PETA Calls For State Audit of ASU, UArizona After COVID-19–Related Animal Killings for ‘Non-Essential’ Experiments
Following Euthanasia of Animals as Part of Schools’ COVID-19 Response Plans, Group Questions Why Extraneous Experiments Were Ever Conducted or Funded by Taxpayers
For Immediate Release:
September 2, 2020
Contact:
Tasgola Bruner 202-483-7382
Today, PETA sent a letter to the state auditor urging an audit of the use of public money, personnel, property, equipment, and space by Arizona State University (ASU) and the University of Arizona (UArizona) for animal experiments deemed non-essential during the COVID-19 pandemic. This apparently led to the euthanasia of animals in the universities’ laboratories.
In its letter, PETA notes that in the last fiscal year, the universities received nearly $700 million in state appropriations, some of which may have gone toward funding animal experiments that were ultimately postponed or canceled.
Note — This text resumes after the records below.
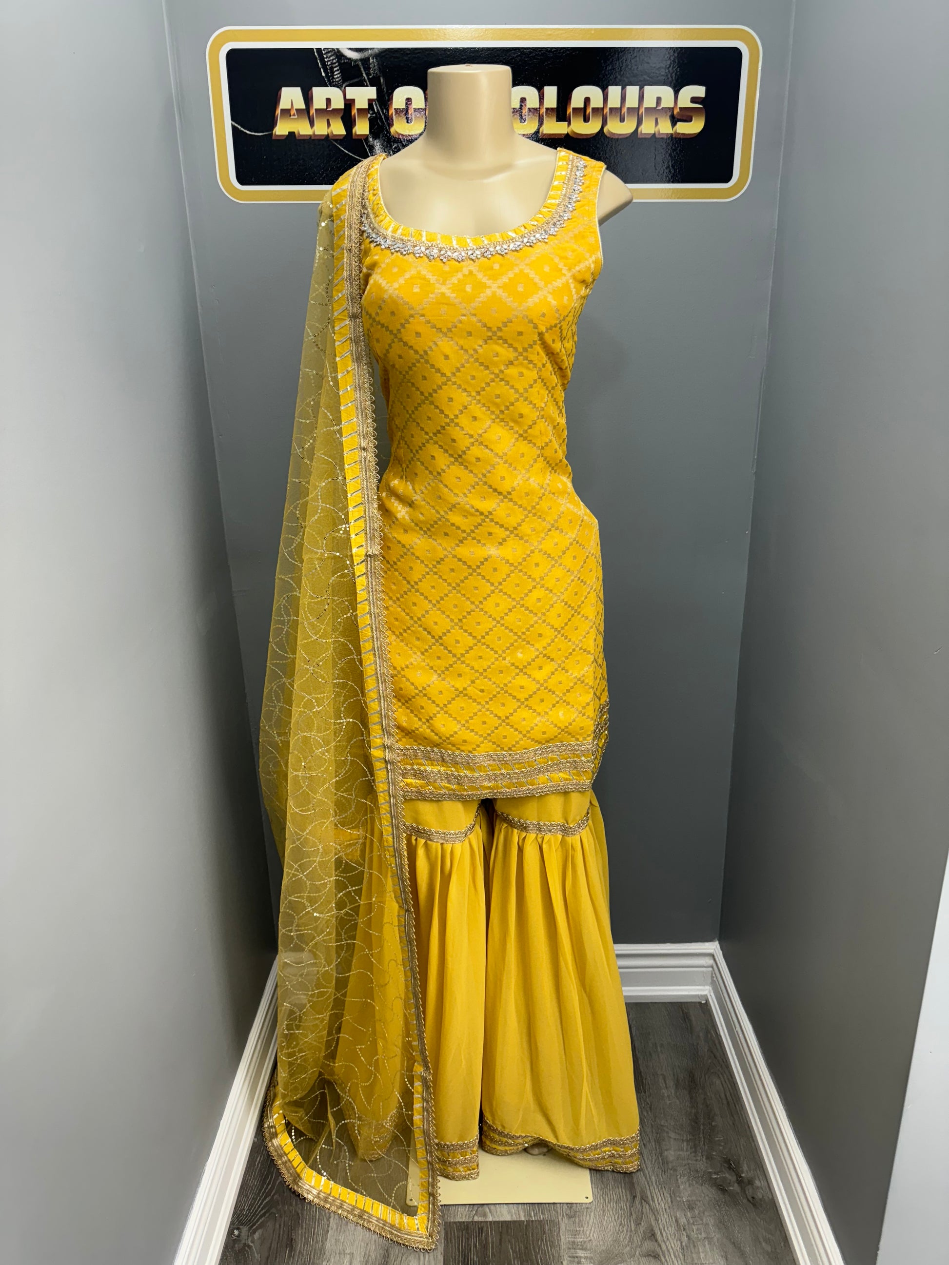 This Shabnam Gharara Suit is expertly crafted with beautiful Banarsi work, creating a truly beautiful and elegant garment. Made with the highest quality materials, it is both comfortable and stylish. Perfect for any occasion, this suit is sure to make you stand out in a crowd.
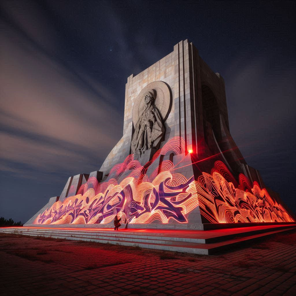 Take a long exposure picture, send it to the operator, and let them overlay/draw their desired graffiti art on it.
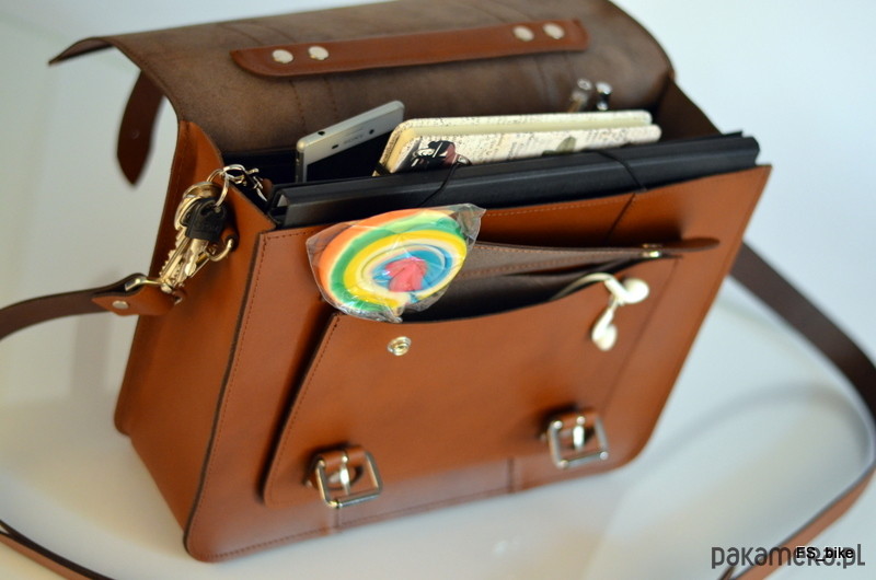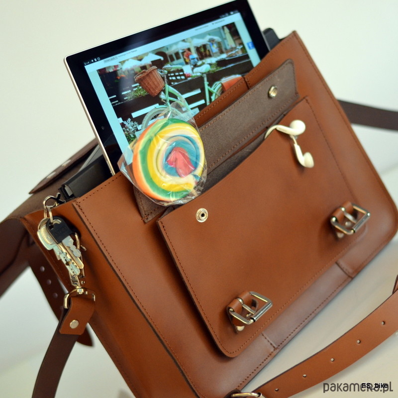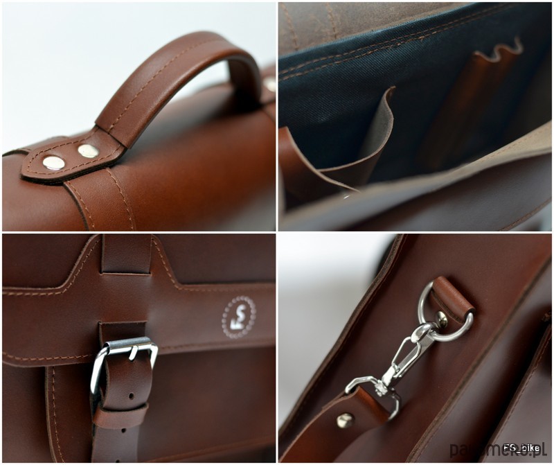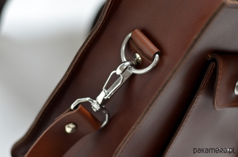 Torba mieści dokumenty w formacie A4. Sakwa została wyprodukowana z naturalnej skóry bydlęcej w technologii hydrofobowej – co zapewnia wyższą odporność na warunki atmosferyczne, w tym szczególnie deszcz, dzięki czemu będzie wspaniałym towarzyszem wszystkich rowerzystów, którzy regularnie dojeżdżają do pracy rowerem.
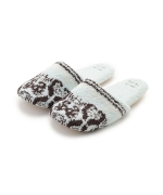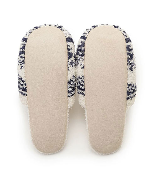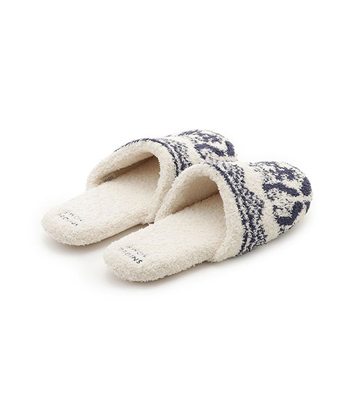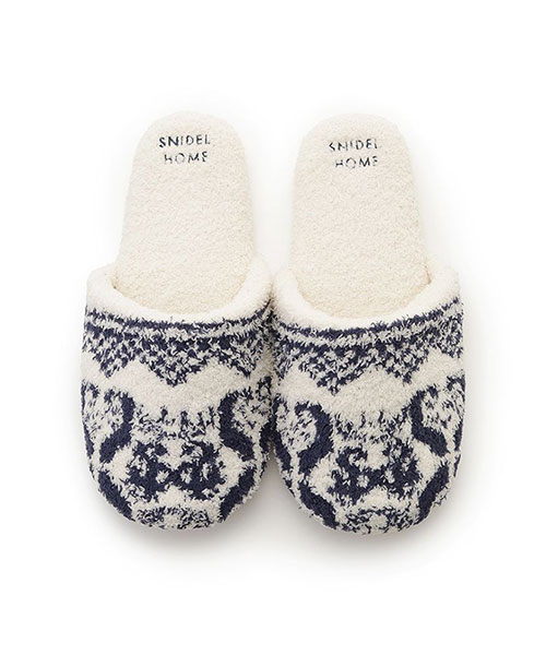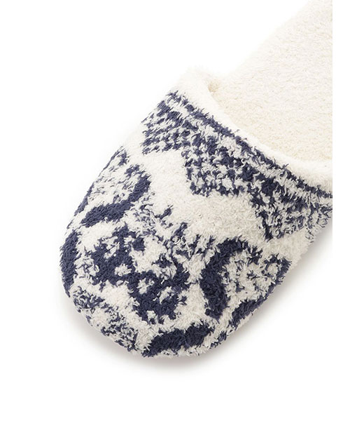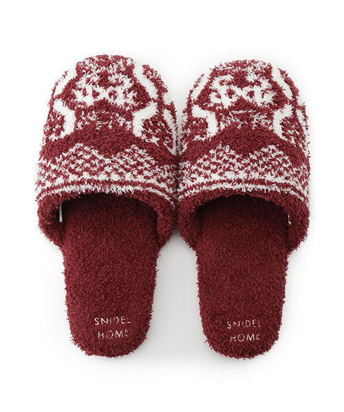 アッパーの部分に季節感のあるノルディック柄をあしらった、ふっくらとしたはき心地のスリッパ。
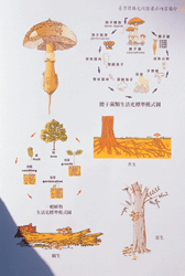 On entering the museum, the first thing to meet the eye is the "mushroom model zone," in which enlarged models of mushrooms are on display. The biggest is a shiitake mushroom 250 centimeters tall, which provides a favorite backdrop for visitors to have their photos taken. To the right is a huge painting, "Taiwan's Four Seasons and Hundred Mushrooms," by Wufeng artist Tseng Po-lu. Based on the Song-dynasty poem "Mushrooms" by Yang Wanli, the painting vividly depicts Taiwan's wild and cultivated mushrooms against the background of the island's four seasons, thus leading visitors into the mysterious world of fungi.
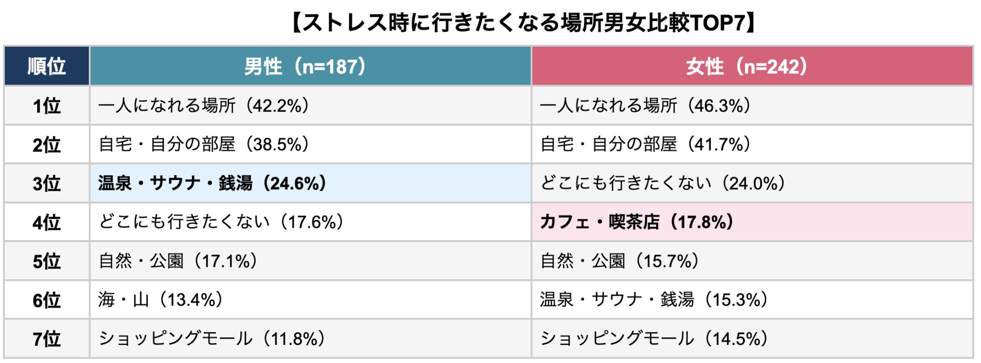 一方、女性は「カフェ・喫茶店」が4位(17.8%)に入り、男性(圏外)より高い傾向です。カフェで一人時間を過ごすことがストレス解消になっている女性が多いようです。
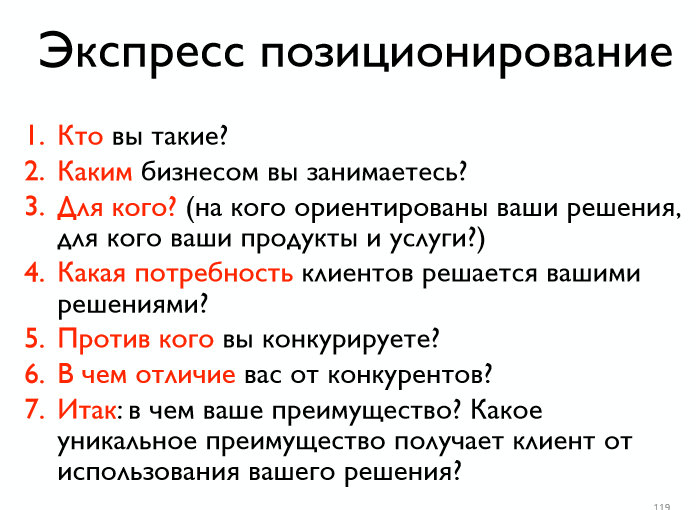 Позиционирование можно сделать самим, но это достаточно сложно. Можно привлечь профессионалов, что будет значительно дороже, или попробовать создать его без большого бюджета. Для этого нужно задать сотрудникам семь вопросов — по одному в течение семи дней.
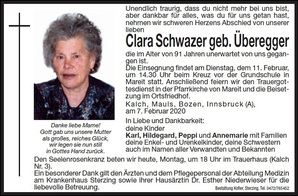Clara Schwazer geb. Überegger
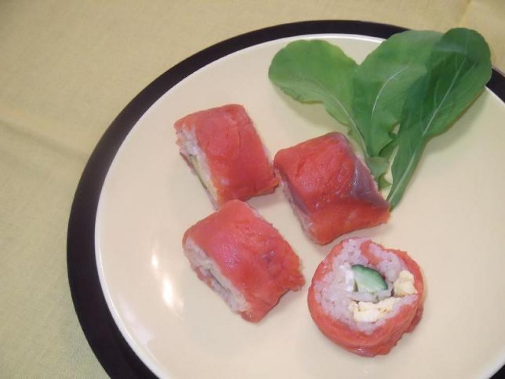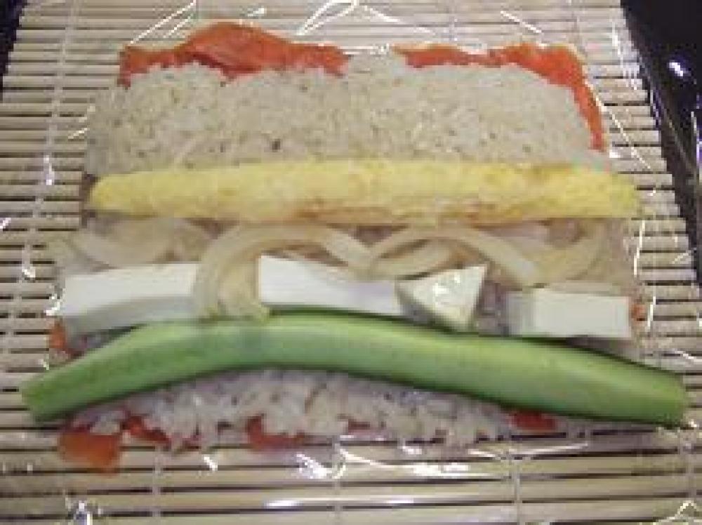 ![]() ご飯の上のラップを取り、具材を並べて巻き、ラップごと切ります。

In March, ASU urged its staff not to “begin any additional animal experiments” and to consider suspending experiments. And UArizona informed its deans, associate deans for research, directors, and department heads that its “de facto position” is that all research performed at its facilities “is considered non-essential” and expected some of its staff to “completely ramp down” their laboratories. These directives likely led to the killing of hundreds or more animals the schools deemed extraneous. PETA questions why state funds were wasted on experiments considered non-essential.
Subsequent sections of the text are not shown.